### What the exercise asks
Ignoring every picture, transcribe the data in full as it stands.
---------- Source material
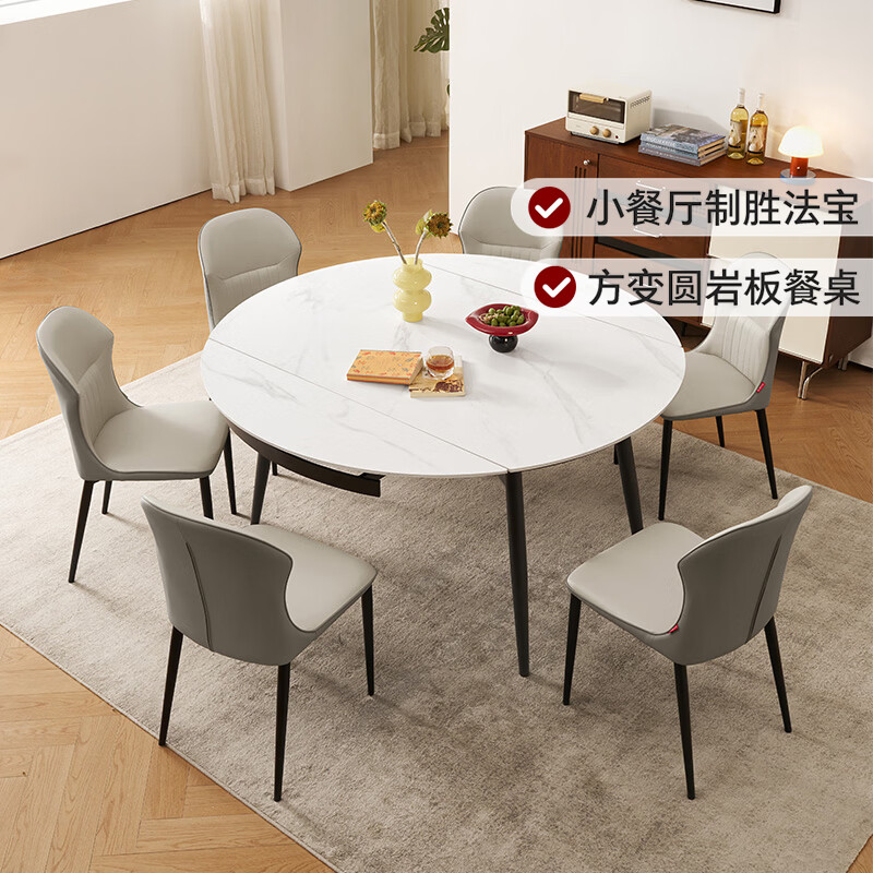 顾家家居简约岩板餐桌饭桌子家用可伸缩全托小户型餐桌椅子全套DS7209哑光 【雪山石哑光】1.35M餐桌+蝴蝶灰椅*6
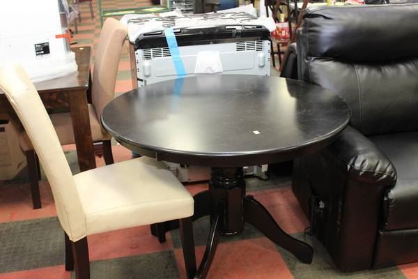 PEDESTAL BASE ROUND TABLE W ONE WHITE CHAIR
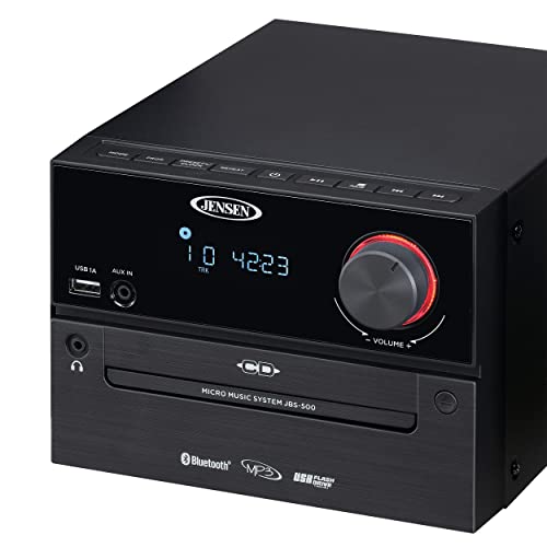Jensen Home Speaker JBS-500 Premium Bluetooth Wireless 30W Stereo Music System CD Player, MP3 USB, Audio in, Headphone Jack, FM Radio, (Matte Black)
--------------------
### Result
 顾家家居简约岩板餐桌饭桌子家用可伸缩全托小户型餐桌椅子全套DS7209哑光 【雪山石哑光】1.35M餐桌+蝴蝶灰椅*6
 PEDESTAL BASE ROUND TABLE W ONE WHITE CHAIR
Jensen Home Speaker JBS-500 Premium Bluetooth Wireless 30W Stereo Music System CD Player, MP3 USB, Audio in, Headphone Jack, FM Radio, (Matte Black)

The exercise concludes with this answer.